Lista di “filo-putiniani”, è giallo sulla provenienza del dossier attribuito al Copasir. Il presidente: “Non ne sapevo niente”
La presunta “rete di Putin” svelata dal Corriere della Sera è finita nel mirino dopo che il Copasir ha smentito la paternità dell’indagine attribuita da via Solferino al Comitato parlamentare. “La rete è complessa e variegata. Coinvolge i social network, le tv, i giornali e ha come obiettivo principale il condizionamento dell’opinione pubblica (…) La rete filo-Putin è ormai una realtà ben radicata in Italia, che allarma gli apparati di sicurezza perché tenta di orientare, o peggio boicottare, le scelte del governo. E lo fa potendo contare su parlamentari e manager, lobbisti e giornalisti. L’indagine avviata dal Copasir è entrata nella fase cruciale”, scriveva il quotidiano il 5 giugno scorso.

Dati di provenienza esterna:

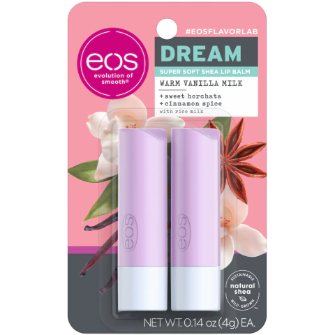 LIP BALM- Dream - Leite Quente de Baunilha. Os protetores labiais com sabor eos com Manteiga de Karité natural são incrivelmente hidratantes e estão disponíveis em sabores inspirados no bem-estar e no bem-estar!
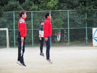 大切にしていることは体の軸をぶらさないこと。そうすると、楽に長く走ることができるという持久走大会へ向けての大切なポイントを学びました。さっそく、真上にジャンプする練習をしました。お手本のジャンプです。

Ma dopo poco è arrivata la smentita del Copasir. “La lista – ha detto il presidente in quota FdI Alfonso Urso – l’ho letta sul giornale, io non la conoscevo prima. Noi abbiamo attivato un’indagine alla fine della quale, ove lo ritenessimo, produrremo una specifica relazione al Parlamento”. A fare eco alle dichiarazioni di Durso il sottosegretario con delega per la sicurezza Franco Gabrielli, il quale ha chiarito che i Servizi italiani non hanno mai “stilato una lista di politici, giornalisti, opinionisti o commentatori, né hanno mai svolto attività di dossieraggio”. Gabrielli ha spiegato che di recente si è riunito un tavolo di lavoro interministeriale istituito nel 2019 per individuare contenuti riconducibili al fenomeno della disinformazione, che non riguarda però i singoli soggetti. Secondo l’ex capo della polizia le indiscrezioni sarebbero dunque “destituite di ogni fondamento”.

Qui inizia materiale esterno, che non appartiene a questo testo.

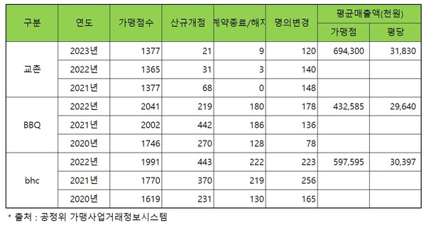 지난해 교촌치킨 가맹점의 계약해지 또는 명의변경 점포수는 129개에 달해 해지율이 9.4%에 달하는 것으로 집계됐다. 2022년과 2021년도 해지 등 점포수는 각각 143개와 148개에 달했다. 당시 해지율은 10.5%와 10.7%를 기록했다.
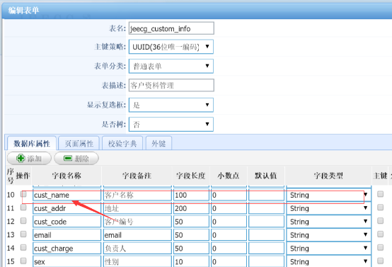 其中***********为在online表单开发里的对应字段的字段名称,而在这里完整代码应该为: value="${data['${tableName}']['cust_name']?if_exists?html}"
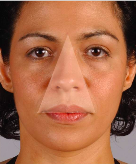 Where is the danger triangle of the face? [1]

Ad essere accusati di far parte della “galassia filorussa” c’erano “i soliti noti“: il professore della Luiss Guido Carli e firma del Fatto Quotidiano Alessandro Orsini, l’ex presidente della Commissione Esteri del Senato, Vito Petrocelli, ma anche Pietro Benassi, rappresentante diplomatico italiano presso l’Ue ed ex consigliere diplomatico di Conte a Palazzo Chigi. E ancora: freelance, economisti, influencer e attivisti politici che secondo il dossier in mano al Corriere interverrebbero nei momenti cruciali del conflitto, quelli in cui Mosca è in difficoltà, per influenzare l’opinione pubblica e interpretare le informazioni a favore del Cremlino. Una vera “macchina della controiformazione” che “nei momenti chiave attacca i politici pro Kiev e sostiene quelli dalla parte dei russi”, scrivevano le croniste che si sono occupate dell’inchiesta.

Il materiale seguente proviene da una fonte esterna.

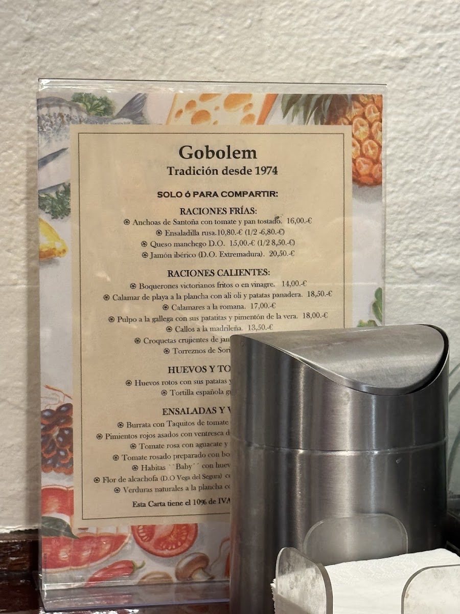 As you step inside, you're greeted by the warm decor and lively buzz of satisfied diners. The essence of a classic Spanish bar/restaurant is alive here; it's a place where the food speaks for itself. Restaurante Gobolem specializes in hearty dishes that showcase the best of Spanish cuisine, making it a must-visit for both locals and tourists alike.

Un documento sarebbe in effetti arrivato sulla scrivania di Urso, ha poi dichiarato il presidente del Copasir, ma solo ieri mattina – tre giorni dopo la pubblicazione del pezzo – e dal contenuto classificato. È giallo dunque sulla provenienza della lista, che il quotidiano aveva definito “materiale dell’intelligence”. “Questa lista dei filoputiniani pubblicata dal Corriere è una cosa vergognosa. Una volta i giornali i dossieraggi li svelavano e li denunciavano, non facevano da buca delle lettere e da ventilatore per spargere lo sterco in giro per la rete e per le edicole”, ha commentato a “Dimartedì” (La7) il direttore del Fatto Quotidiano Marco Travaglio. Intanto alcuni membri della presunta “rete” hanno già annunciato l’intenzione di querelare il quotidiano nato a Milano.
“Farò causa al Corriere della Sera. Anche per tutti i miei colleghi liberi che devono subire le prepotenze di Luciano Fontana. E per i tanti adolescenti che credono in un Paese più libero e onesto di quello in cui viviamo”, ha fatto sapere Orsini. Anche il fotografo freelance Giorgio Bianchi – definito “noto freelance italiano presente in territorio ucraino con finalità di attivismo politico-propagandistico filorusso” – ha detto di voler denunciare via Solferino: “Querelo sicuramente”, ha dichiarato.